She stiffened, saying, “You have no business bothering Henry and you have nothing to discuss with him.” Then she turned toward the door and ran into the hallway, rushing for the elevators. It had been nearly two years since she'd invited her uncle up to her apartment in Harlem. Back then, she wasn't sure which had been more traumatizing—his very presence or the story he'd relayed to her. Afterward she'd gone to stay with Calvin, returning a few days later to her own place where she found an envelope under her door. That envelope contained a long letter from her uncle in which he had detailed his time in Georgia. Reading it had confirmed for her that she had to write his story. She had not seen him since, not until now. Her uncle trailed her to the elevator. “Enough of this. You leave us alone,” she said, her voice a tangle of anger and disgust.

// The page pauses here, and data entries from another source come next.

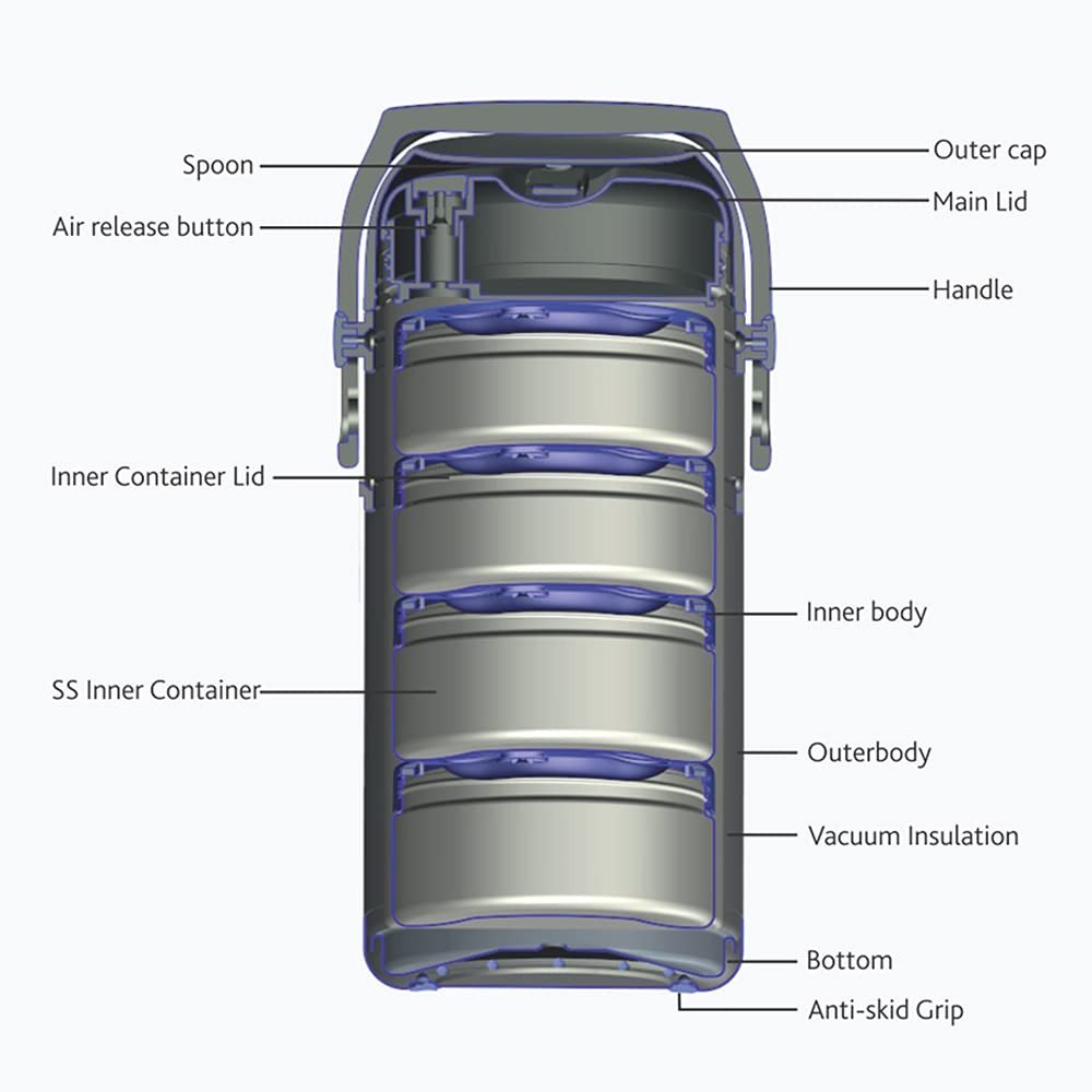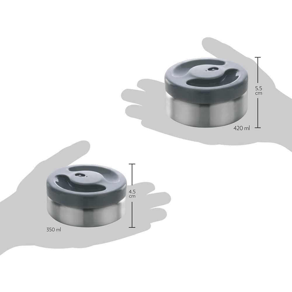 Material type: Stainless Steel; No. of containers: 4; Capacity of containers: 2 Containers: 350ml Each + 2 Containers: 420ml Each; Contents include: 2 Containers (420ml), 2 Containers (350ml) With Lids, Foldable Spoon, Lunch Bag; Colour: Silver
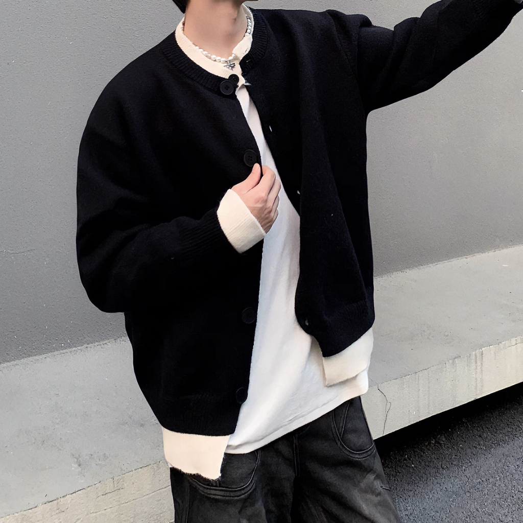バイカラーの配色がアクセントのカーディガン。
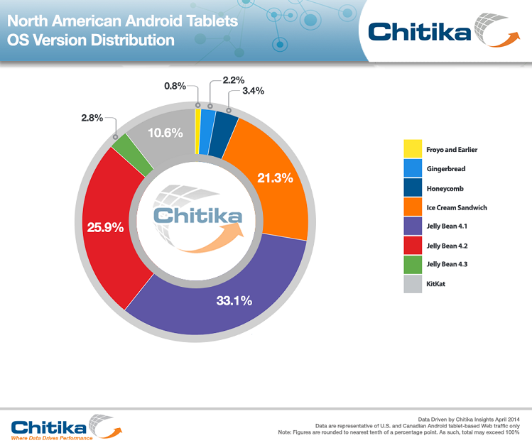 To quantify Android version distribution by device type, Chitika Insights sampled tens of millions of U.S. and Canadian Android-based online ad impressions running through the Chitika Ad Network. The data used within the analysis were drawn from impressions catalogued between March 31 and April 6, 2014.
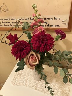 かわいいくすみカラーのお花が届きました 明日まで飾ってからスワッグにしたいと思います!
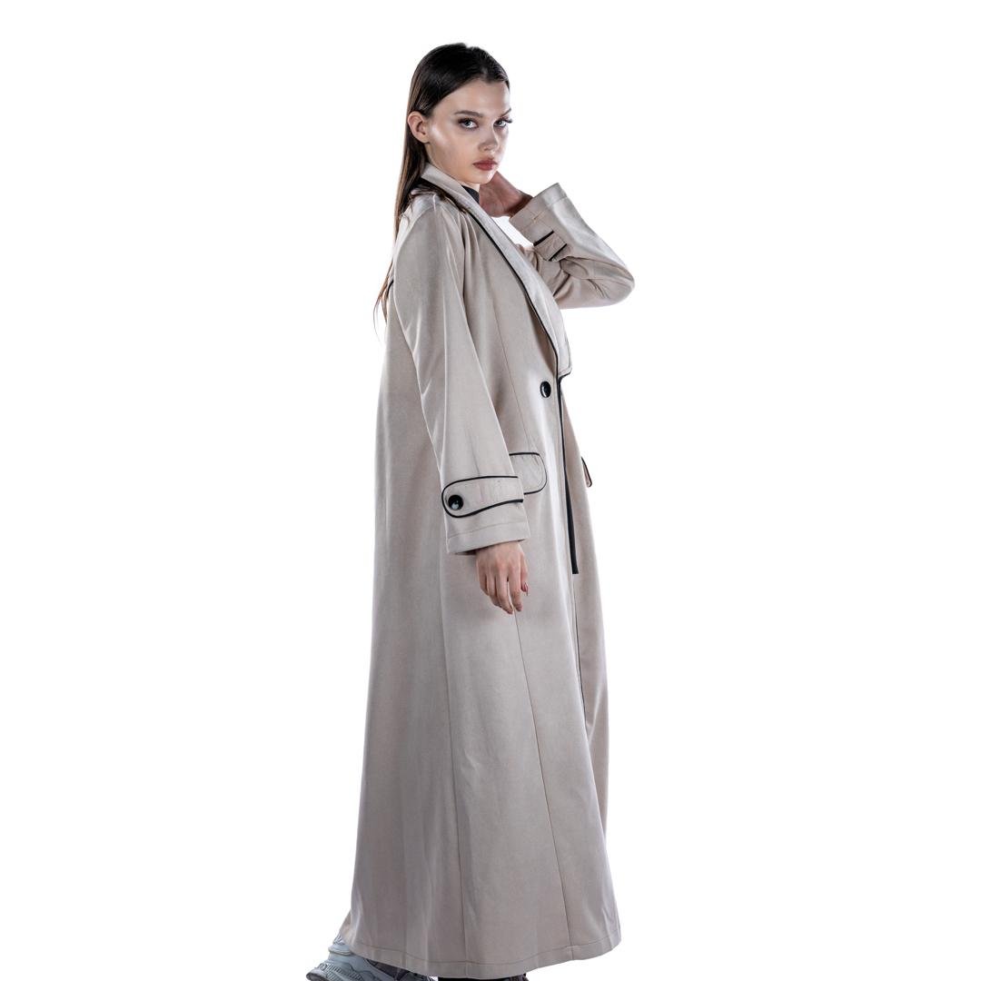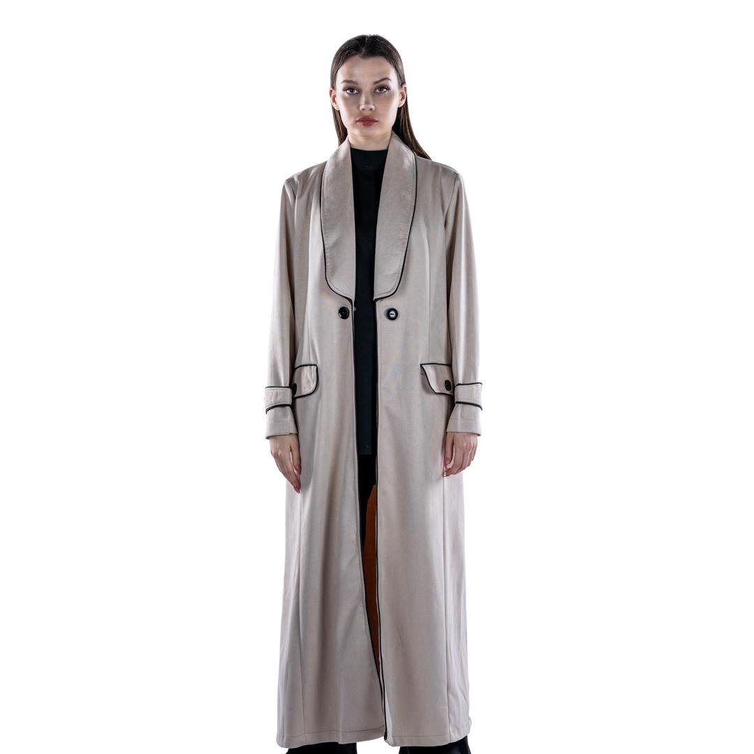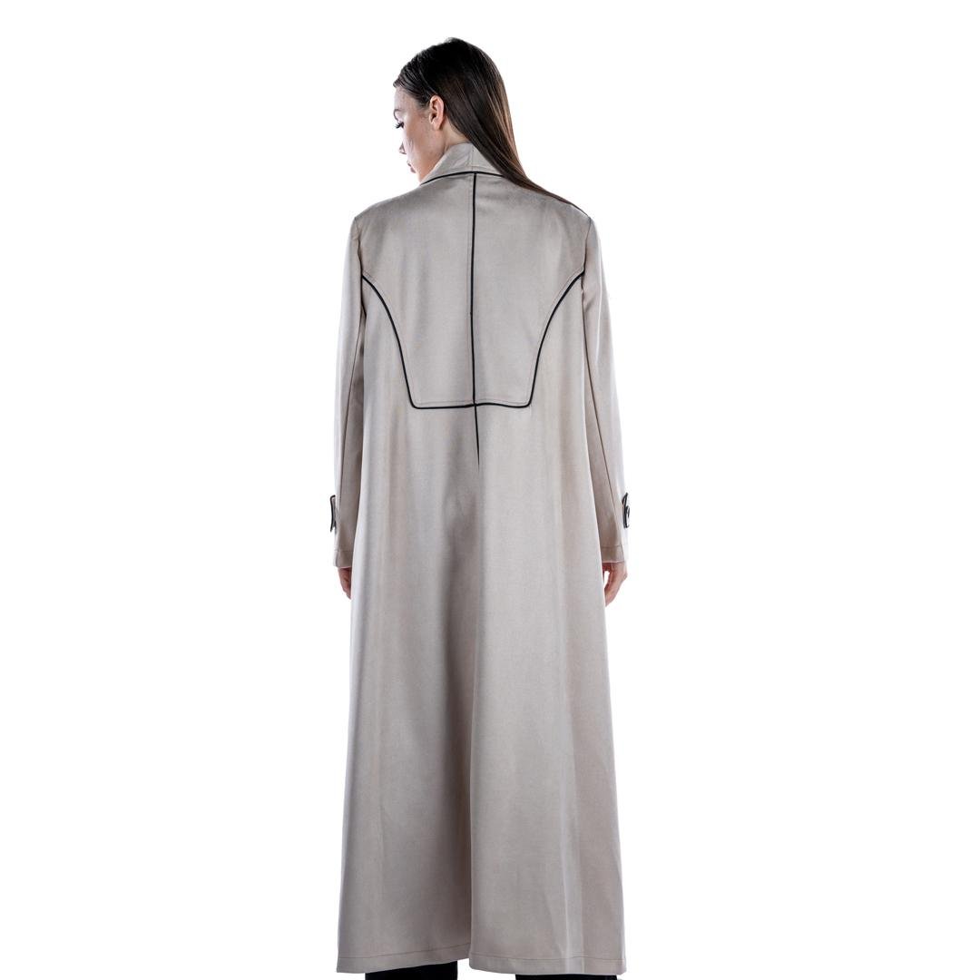 This coat is featuring elegant black piping along the lapels, cuffs, and pockets, this trench coat combines classic design with modern flair. Made from high-quality materials, it offers both comfort and durability, making it a perfect addition to your wardrobe for any season. The coat's sleek silhouette and timeless color make it a versatile piece that can be dressed up or down.

They stepped into the elevator together, this man who would not stop hounding her and this girl who would never be rid of him. This is no longer destiny, she thought, staring at the red alarm switch. This is something far worse. As she reached for the switch, Royal grabbed her hand and held it in his firm grip. “I could get out my knife right now and slice off every one of your fingers. What's a writer without her fingers, huh? Maybe even better is that tongue of yours. I cut it out, and then you won't tell so many stories, so many lies.”

Then, suddenly, he let her arm go as the doors opened on the ground floor, and he walked away, drifting through the lobby, the city drawing him out and away from her. Trembling, Antonia moved slowly through the lobby, too, past the tenants, who took no notice of her, past a hall of mirrors that reflected her own startled eyes. Great drops of cold sweat ran down her back as she pushed out into the heat of the afternoon. After stepping off the curb, she hailed a taxi, though not before her uncle was beside her again. “So how is my favorite writer and niece doing these days?” he asked sweetly now, his words gentle and beguiling, as if he were interested to hear what she had to say.

“You hurt me,” she said, wiggling her fingers. “I could have you arrested.”

“You won't,” he said. In her novel, she hadn't had to change much about him, because he was as fixed in her memory as the words she'd put down on the page. To her, he would always be the same, in print as in life. The sun caught the stains on his threadbare suit, one of the buttons of his jacket loose, hanging limply, and she laughed at herself for her sudden compassion, wanting to mend it for him, to offer him a shower, shelter, some food. “I always told your father you were going to be a force to reckon with,” he said. “You won't have me arrested because, you see, my darling niece, I could just as easily return the favor and have you arrested for thievery.”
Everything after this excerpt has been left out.